The LLM Gateway server is highly configurable through the createApp factory function. This guide covers advanced configuration options for harnesses, tools, models, and skills.

Application Configuration

The createApp function accepts an optional AppConfig object:
interface AppConfig {
  harness?: GeneratorHarnessModule;
  providerHarness?: GeneratorHarnessModule;
  tools?: ToolDefinition[];
  defaultModel?: string;
  skillDirs?: string[];
}

Harness Configuration

Provider Harnesses

Provider harnesses handle communication with AI providers.

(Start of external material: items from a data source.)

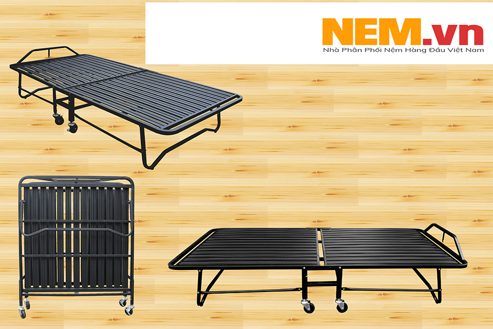 Giường sắt xếp Trường Thành dễ dàng di chuyển bằng 4 bánh xe, rất tiện nghi, có thể xếp lại cho gọn khi không sử dụng.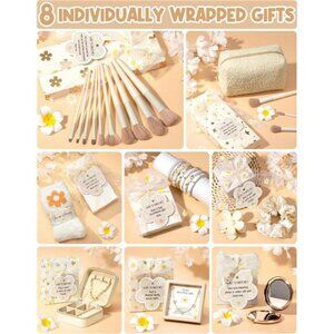 🧿8 INDIVIDUALLY GIFT BOXES FOR GIRLS: This teen girl trendy stuff gift box is perfect for teen girls who appreciate stylish accessories and thoughtful keepsakes. Including Jewelry Box, 7 Bracelets, 1 Necklace with Box, Makeup Brushes(12 pcs), Fuzzy Makeup Bag, Makeup Mirror, Fuzzy Sock, Flower Hair bands & Flower Claw Clip, 8 task tags, daisy ribbons & gift card all in a big gift box. Whether for a birthday, holiday, or special occasion, it's guaranteed to make her smile and feel cherished
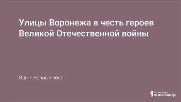 Цель работы: узнать, почему улицы носят фамилии людей, познакомиться с героическими подвигами народа в годы Великой Отечественной войны, изучить биографию героев, воспитывать патриотизм.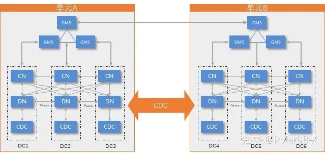 之后,我们在每个单元创建一个PolarDB-X实例,并且使用PolarDB-X的CDC组件将这些实例之间建立起复制链路。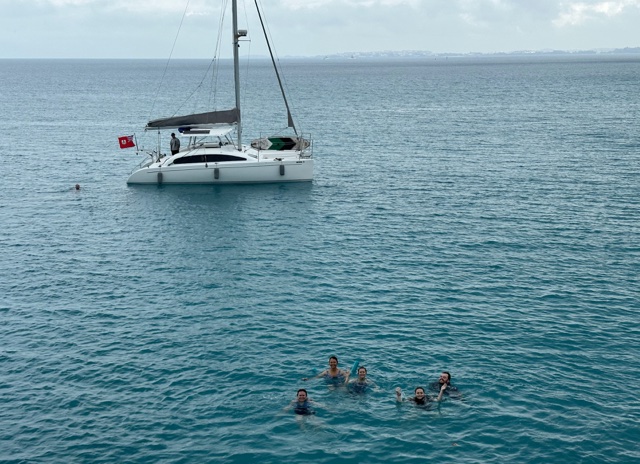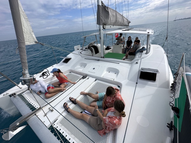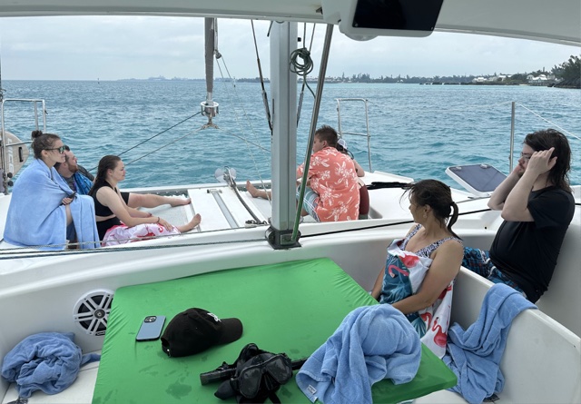 So we got back onboard and the wind dried us off as we cruised along.

The gateway includes built-in support for multiple providers:
import { createGeneratorHarness } from "./packages/ai/harness/providers/zen";

const app = await createApp({
  harness: createAgentHarness({
    harness: createGeneratorHarness()
  })
});
Requires ZEN_API_KEY in environment.

Agent Harness

The agent harness wraps a provider harness with tool-calling capabilities:
import { createAgentHarness } from "./packages/ai/harness/agent";
import { createGeneratorHarness } from "./packages/ai/harness/providers/zen";

const agent = createAgentHarness({
  harness: createGeneratorHarness(),
  // Optional: additional agent configuration
});

const app = await createApp({ harness: agent });
The agent harness handles tool execution, permissions, and the agentic loop automatically.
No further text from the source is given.